Take the Gospels. Peter could find his Lord on the Mount of Transfiguration, but when Jesus told his disciples that he had to “suffer many things… and be killed.” Peter “began to rebuke him, saying, ‘God forbid, Lord! This shall never happen to you.’ ”
And surely you remember the two disciples on the road to Emmaus after Christ’s crucifixion: “We had hoped that he was the one to deliver Israel.” We had hoped…
Even today, many a Christian can live comfortably only with Easter Sunday; Good Friday is too much. Perhaps we should ask ourselves: Is it only on Easter that the exclamation of doubting Thomas – “My Lord and my God!” – burst from my lips?
You know even now, at this moment, the risen Christ somehow still carries the wounds and passion – glorified indeed, but still the scars of Calvary.

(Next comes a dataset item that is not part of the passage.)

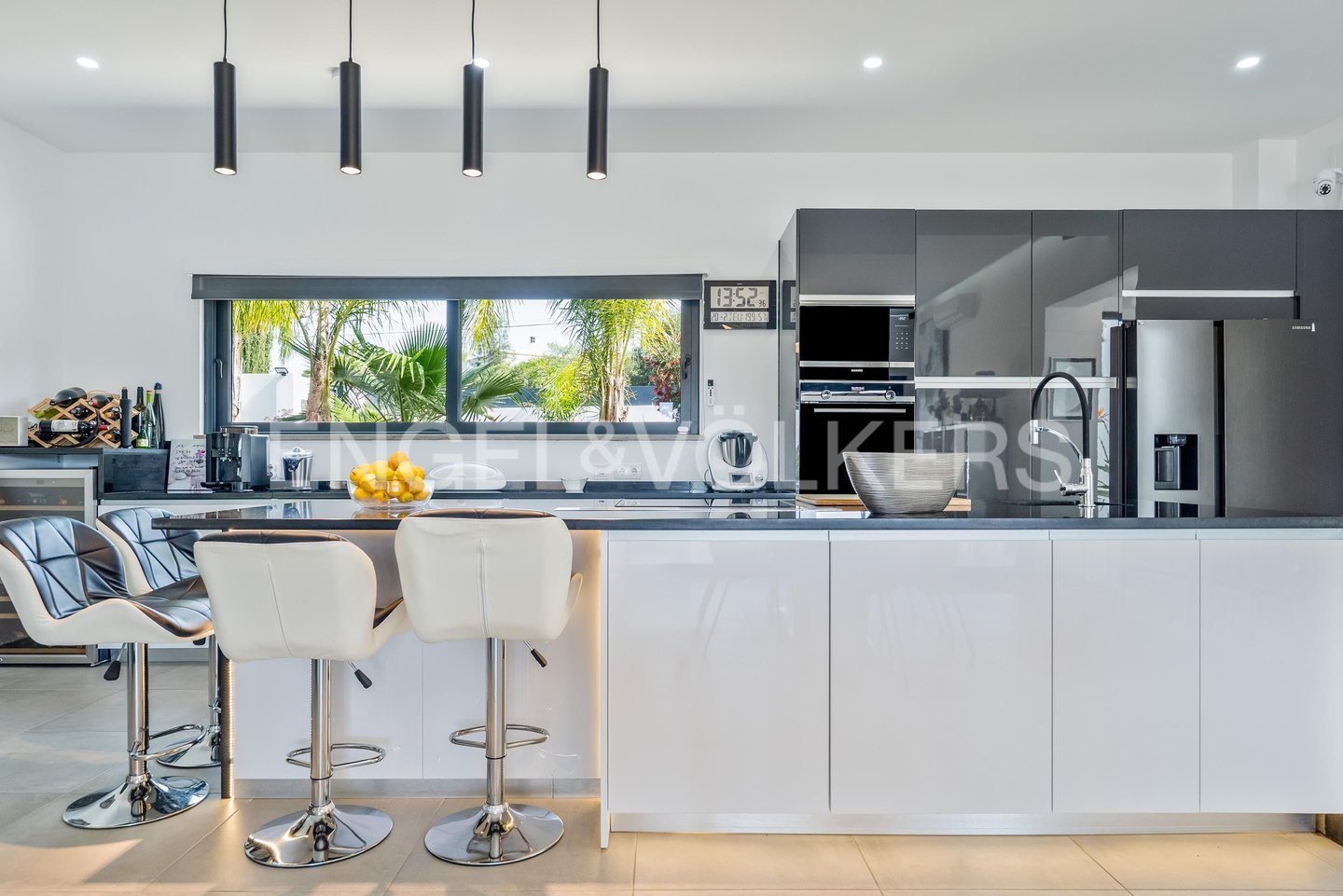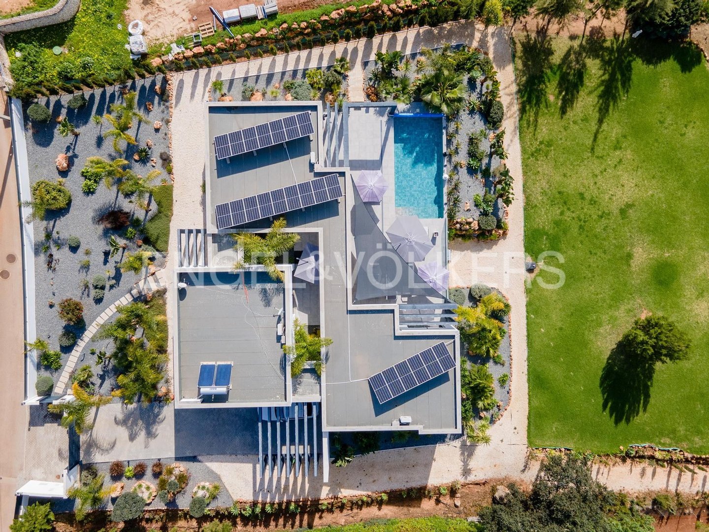 Das gesamte Haus ist mit einer LG-Klimaanlage der neuesten Generation ausgestattet, die über das Smartphone gesteuert werden kann. Ein automatisches Bewässerungssystem, ein 120 Meter langer Bohrbrunnen zur Bewässerung des Gartens, Solar-Kameras und ein Alarmsystem sorgen für Sicherheit und Energieeffizienz gleichermaßen.

To be a Christian, I believe, is to look for a camel on a roof. Which leads to another question: Where do we go from here? How do we move from the abstract theology to our concrete situations, to our daily life? After all, Jesus is no longer on a cross, even when I find him there in history.
Granted I reproduce his dying in my baptism and in my personal Calvary, he no longer suffers, he dies no more. “Christ has died; Christ is risen.” Now it’s not very hard to find Christ to discover God’s image, on lovely faces, loving faces, strong faces, charming faces among you. Indeed Christ is there.

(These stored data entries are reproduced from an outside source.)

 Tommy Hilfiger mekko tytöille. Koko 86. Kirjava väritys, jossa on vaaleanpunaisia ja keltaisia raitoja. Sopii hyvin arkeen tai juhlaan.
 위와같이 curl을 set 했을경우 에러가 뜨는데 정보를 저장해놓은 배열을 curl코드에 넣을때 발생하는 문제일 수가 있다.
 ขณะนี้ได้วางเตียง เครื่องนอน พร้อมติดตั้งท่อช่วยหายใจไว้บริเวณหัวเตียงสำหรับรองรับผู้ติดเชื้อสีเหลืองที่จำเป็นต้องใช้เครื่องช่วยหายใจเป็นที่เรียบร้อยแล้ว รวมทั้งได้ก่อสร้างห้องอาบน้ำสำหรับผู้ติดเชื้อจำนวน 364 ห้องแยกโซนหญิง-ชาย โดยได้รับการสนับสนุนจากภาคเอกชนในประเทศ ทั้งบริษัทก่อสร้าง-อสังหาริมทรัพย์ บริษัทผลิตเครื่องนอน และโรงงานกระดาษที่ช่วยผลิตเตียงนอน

And yet, he told us to look for him especially in “the least” of his brothers and sisters, those who seem insignificant, those who are in trouble or forgotten. We are to find him, therefore, in stomachs swollen by starvation and malnutrition, on lips parched with thirst, in hands arthritic with age, on faces torn with terror, in eyes empty in hopelessness, flesh eaten by cancer, bodies raging behind prison bars.
Here, my sisters and brothers, is today’s Calvary. No longer limited to Jerusalem; the cross casts its shadow over the face of the earth. Whether it’s the people in the remote barrios in Tawi-Tawi dying of malaria or measles, whether it be the poor farmers in the war torn areas of the NPA or Abbu Sayyaf, whether it be the thousands losing their jobs, because of the current economic crisis, where there are people who are lonely and friendless, suffering hunger, fear and injustice, Christ is crucified again, and again in his children.
My brothers and sister, reach out to someone – to anyone in agony of body or spirit. Share that person’s pain, com-passion – for that pain is the passion of Christ.
Please God, on that Calvary, where another Christ hangs, in your divine “foolishness” you will discover, or rediscover, your God.
Believe me, it beats looking for a camel on a roof?